N. Kamsrisuk - Intelligent and Nonlinear Dynamic Innovations Research Center, Department of Mathematics, Faculty of Applied Science, King Mongkut's University of Technology North Bangkok, Bangkok 10800, Thailand. P. Srisilp - Rail System Institute of Rajamangala University of Technology Isan, Nakhon Ratchasima 30000, Thailand. T. Botmart - Department of Mathematics, Faculty of Science, Khon Kaen University, Khon Kaen 40002, Thailand. J. Tariboon - Intelligent and Nonlinear Dynamic Innovations Research Center, Department of Mathematics, Faculty of Applied Science, King Mongkut's University of Technology North Bangkok, Bangkok 10800, Thailand. J. Piyawatthanachot - Department of Mathematics, Faculty of Science, Khon Kaen University, Khon Kaen 40002, Thailand. W. Chartbupapan - Department of Mathematics, Faculty of Science, Khon Kaen University, Khon Kaen 40002, Thailand. K. Mukdasai - Department of Mathematics, Faculty of Science, Khon Kaen University, Khon Kaen 40002, Thailand.

Abstract

In this article, we initiate the study of new concepts of conformable \(q\)-fractional calculus. The conformable fractional \(q\)-derivative and \(q\)-integral are defined and their fundamental theorems are also proved.
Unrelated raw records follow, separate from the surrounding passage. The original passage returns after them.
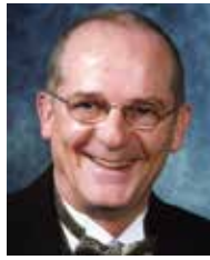
// ART CASTLE

GRANT WILL ALLOW BIAW TO DELIVER LID EDUCATION DIRECTLY TO BUILDERS, DEVELOPERS
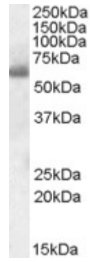
EB09216 (0.1µg/ml) staining of Human Tonsil lysate (35µg protein in RIPA buffer). Detected by chemiluminescence.
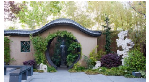
Peterson Room and Garden.

This event is limited to 50 people, so be sure to register now!
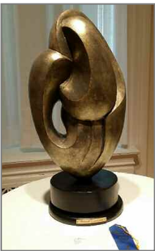
Lois Levitan’s sculpture, “Beloved”

Stay warm, and drop me a line if you have news for next month’s column.
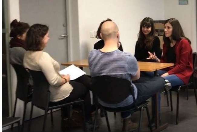
Figure 6: Hand movements

especially when she is looking for a word or trying to explain it (Fig. 6 and 7) or when she wants to insist on a concept and/or word (Fig. 8).
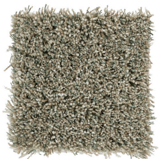
Silent Grey 803
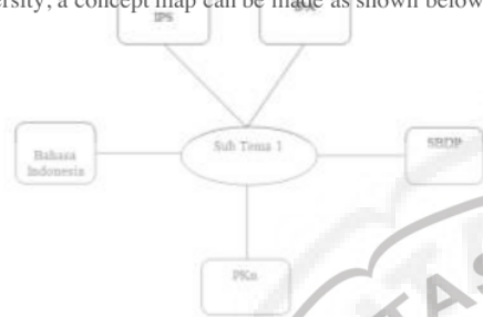
Fig 2. forming a concept map

main concepts to be taught and arranging them systematically and linking one concept to other relevant concepts and finally forming a concept map. For the theme of the Beauty of My Diversity, a concept map can be made as shown below:
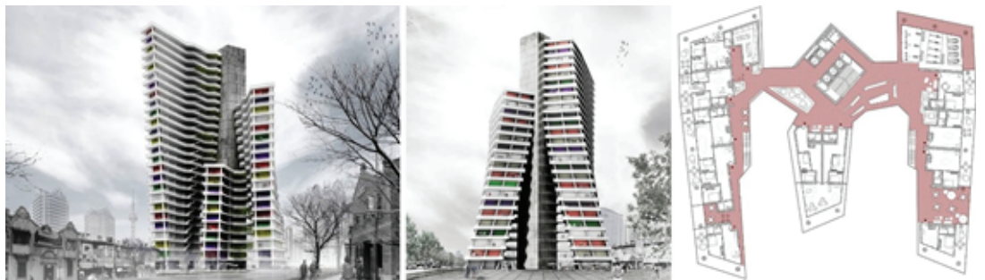
Figure 1: New Shanghai Habitat – renders and plan showing (re)interpretation of Lilong streets.

vectors capable of sustaining communal life in the vertical dimension. Through the integration of pocket spaces within these transitional spaces, the tower balances the ratio of interior and exterior spaces to generate encounters as well as hosting diverse communal activities. By fostering and nurturing social bonds among its inhabitants, the New Shanghai Habitat proposes to create a variant of the vibrant street life found in and around the Lilong settlements.
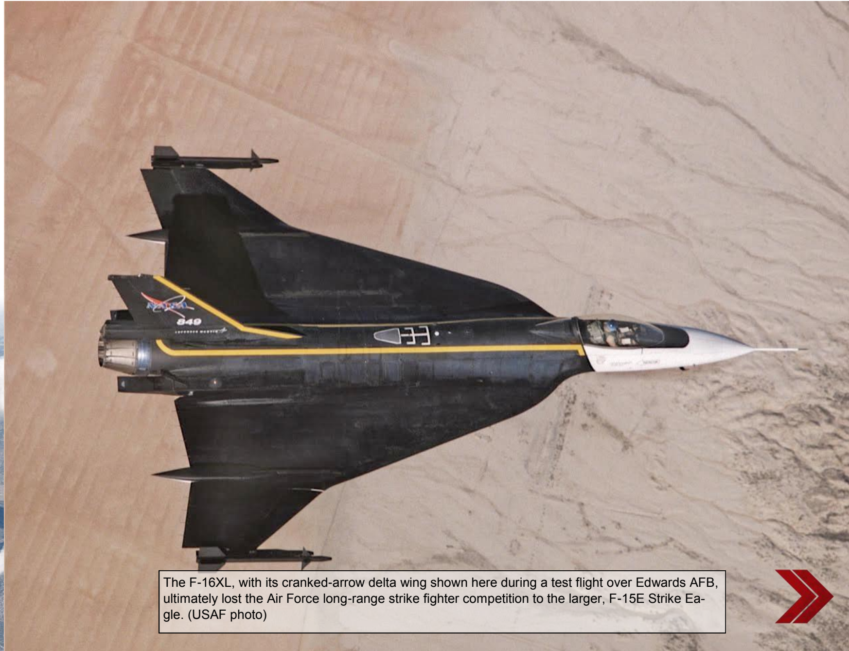
The F-16XL, with its cranked-arrow delta wing shown here during a test flight over Edwards AFB, ultimately lost the Air Force long-range strike fighter competition to the larger, F-15E Strike Eagle.
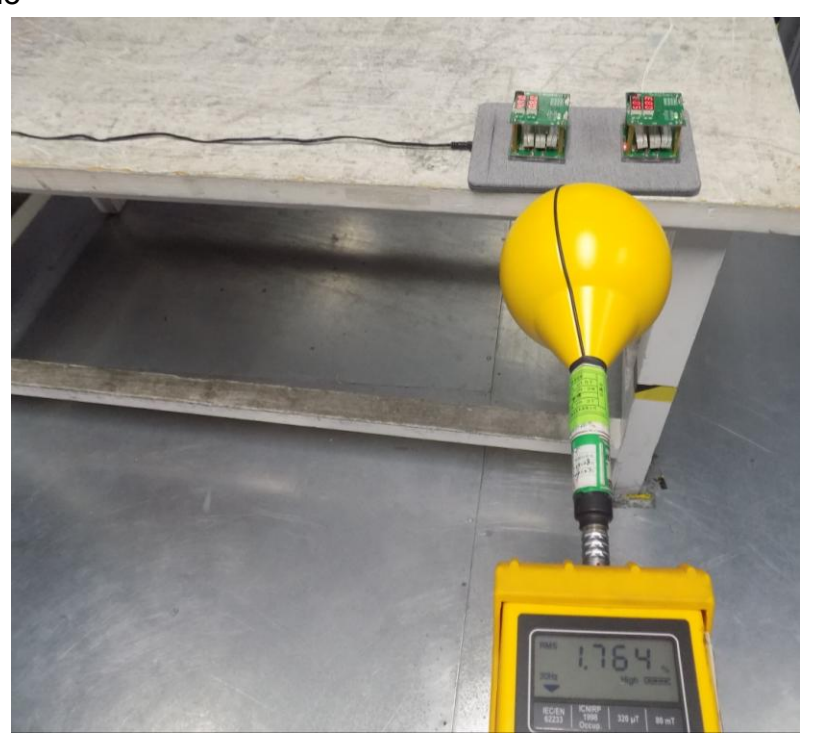
For No load mode
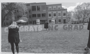
Photo Station 1: Jefferson Lawn, one block north of Chicago Ave. on Brainerd St.

Don't forget to capture the moment and take photos of your grad at our three photo stations on campus.
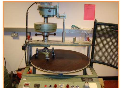
Castor wheel test in progress

The test proved that InstaLay is suitable for use beneath LVTs, where an acoustic, anti-fatigue floor finish is required. InstaLay 30hg is able to bond the flooring and support the LVT joints, even under the most demanding conditions. Despite this very positive result, it is still always recommended that a protection mat be used under castor wheels in order to protect the floor finish throughout its useful life.
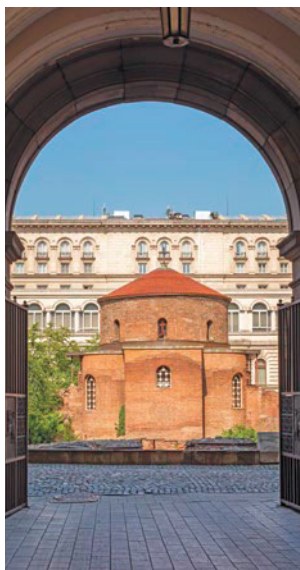
St. George Rotunda, Sofia
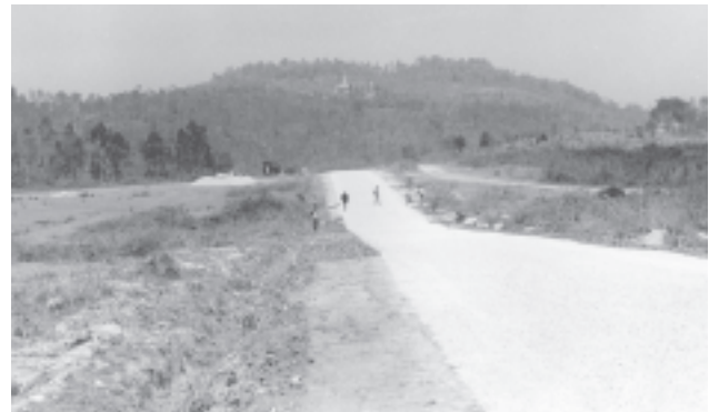
Development Affairs Committee in Muse, Shan State (North), constructed Muse Town circular road for better transportation in the region.
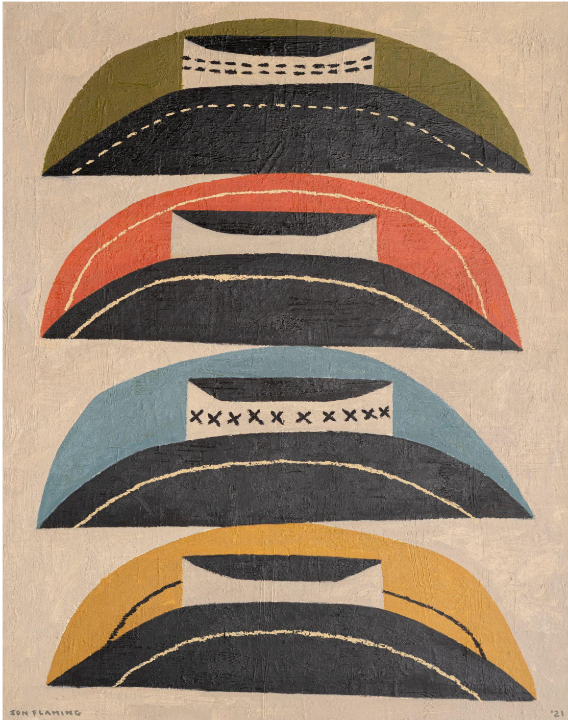
Four Summer Straws , oil on canvas, 60 x 48", 2023.

For Immediate Release 2/14/2024 Contact | Margery Gossett
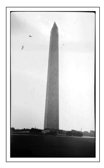
Figure 8. Black and white negative displaying numerous defects.

A relatively moderate example of improved aesthetics can be seen in Figures 8, 9, and 10. Figure 8 is a negative that was clearly not cleaned in any way prior to being scanned. As a result, in addition to any scratches that may be present, dust and hair are quite apparent on the resulting digital rendering. In fact, Figure 9 is a magnified view that makes clear the image of an ant that made its way onto the physical negative at some point in the negative's life. Although perhaps public appeal and academic pursuits are not inhibited as a result of visible dust particles, hair, or other defects, the overall aesthetics of the digital rendering are certainly improved by digitally "cleaning" the rendering during post-processing. Of course this raises the question as to whether attention should be given to those defects as part of the artifact or simply as foreign objects introduced into the image after the photograph was created. Depending on perspective, institutions may react differently in handling those defects. Figure 10 is the resulting image after having undergone this cleaning and other minor adjustments during post-processing.
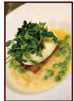
Pasta Carbonara Fruition Restaurant

We serve sophisticated comfort food that showcases the highest quality ingredients sourced through relationships.
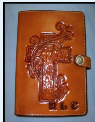
Bible Cover w/Cross SL-03BCC
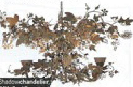
Ivy Shadow chandelier, £7,824, Todd Boonle at Porta Romana

Get ready to channel your inner hippie. Taking your cue from global nomads, mix rough texture with pattern.
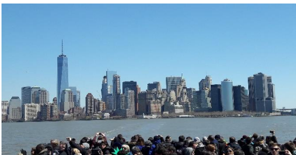
Fig. 3 Tourists migration and Manhattan's skyline

We can see also recurrent delays of ecological cities' policy, not as flexible as needed which penalize reallocation of unoccupied offices and housing and speculative inflation regulation. In order to understand why housing problematics are always treated in emergency, we have to take notice of satellization phenomena which exist in cities in their process of globalized metropolisation. We would be able to understand why selfies display heritages' emblems (Fig. 2) more often than possible warmth and hospitality symbols, and metropolitan skyline more often than cities' lifes (Fig. 3).

The uniform asymptotic stability of the \(q\)-deformed conformable fractional system with constant delay is investigated by using the Lyapunov-Razumikhin method. For application, a new asymptotic stability necessary condition for the conformable \(q\)-fractional linear system with constant delay is obtained in term of linear matrix inequality (LMI). A numerical example is demonstrated for the results given to illustrate the effectiveness.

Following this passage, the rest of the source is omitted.